In On Her Majesty's Secret Service, James Bond returns to Royale-les-Eaux to visit the grave of Vesper Lynd, a yearly pilgrimage of his. On the road, he and the mysterious, and reckless, Contessa Teresa "Tracy" di Vicenzo race each other in their cars. Later they meet face to face in the casino, where Bond, even though he barely knows her, covers her gambling debt to save her from a dishonorable loss, un coup de deshonneur.
But Tracy is worse than reckless; she is suicidal. The next day, Bond interrupts her while she is trying to kill herself.
Bond finds himself talking alone to Tracy's father, Marc-Ange Draco, head of the Corsican Mafia and holder of the King's Medal for Resistance Fighters (so, even though a criminal, a good guy).

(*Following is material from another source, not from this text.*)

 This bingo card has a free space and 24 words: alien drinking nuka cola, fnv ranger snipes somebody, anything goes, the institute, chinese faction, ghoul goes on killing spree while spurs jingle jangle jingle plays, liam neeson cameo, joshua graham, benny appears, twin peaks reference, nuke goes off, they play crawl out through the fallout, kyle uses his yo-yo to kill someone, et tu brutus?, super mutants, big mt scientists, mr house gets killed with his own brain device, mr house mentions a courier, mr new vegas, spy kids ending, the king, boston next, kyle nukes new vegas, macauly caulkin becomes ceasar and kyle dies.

Draco convinces Bond to make love to his daughter, to give her hope enough to stay alive, and admonishes him to keep their conversation herkos odonton, which, he says, is Greek for top secret.

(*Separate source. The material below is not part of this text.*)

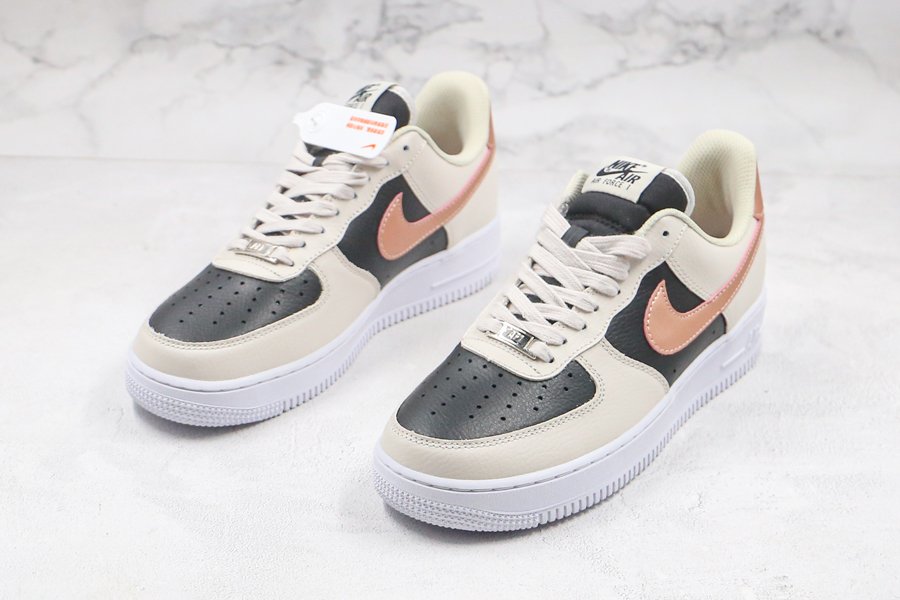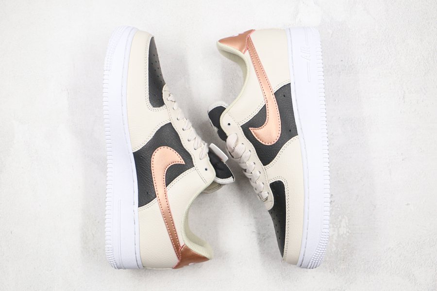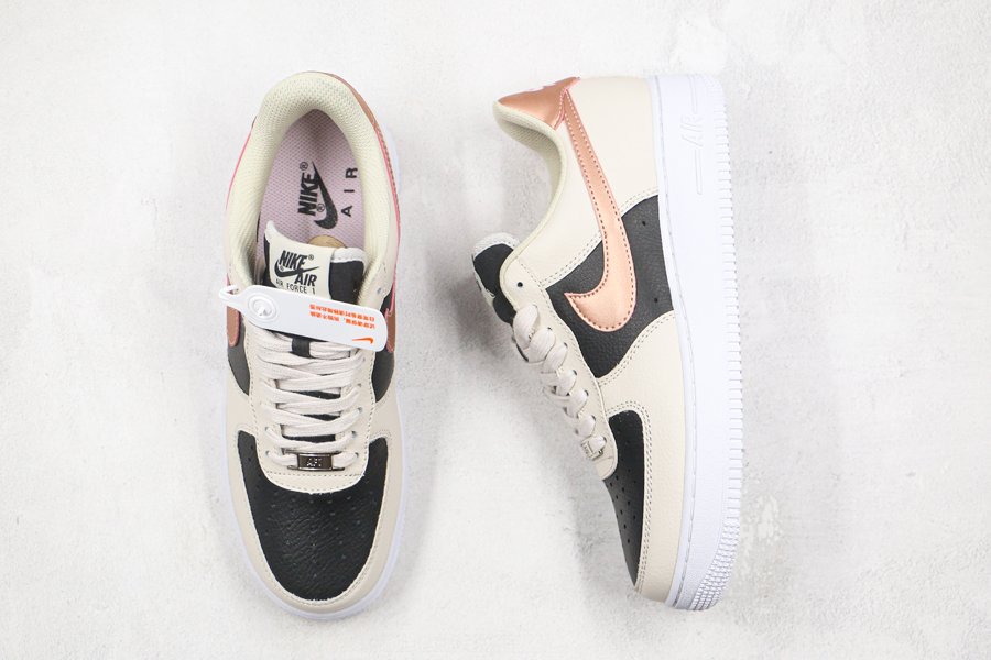 Nike Air Force 1 Low Beige Black With Copper Swooshes

Now according to Hank Prunckun, in Counterintelligence Theory and Practice, this Greek saying probably comes from a passage in the Odyssey in which Zeus asks Athena to be careful about letting information slip so easily through the barrier (herkos) of her teeth (odonton).
I am easily amused, and I have been having fun imagining the school boy, Ian Fleming, coming across this phrase and tucking it away in his mind. "Someday," he thinks, "I'll find a use for this wonderful phrase, herkos odonton; I just know I will."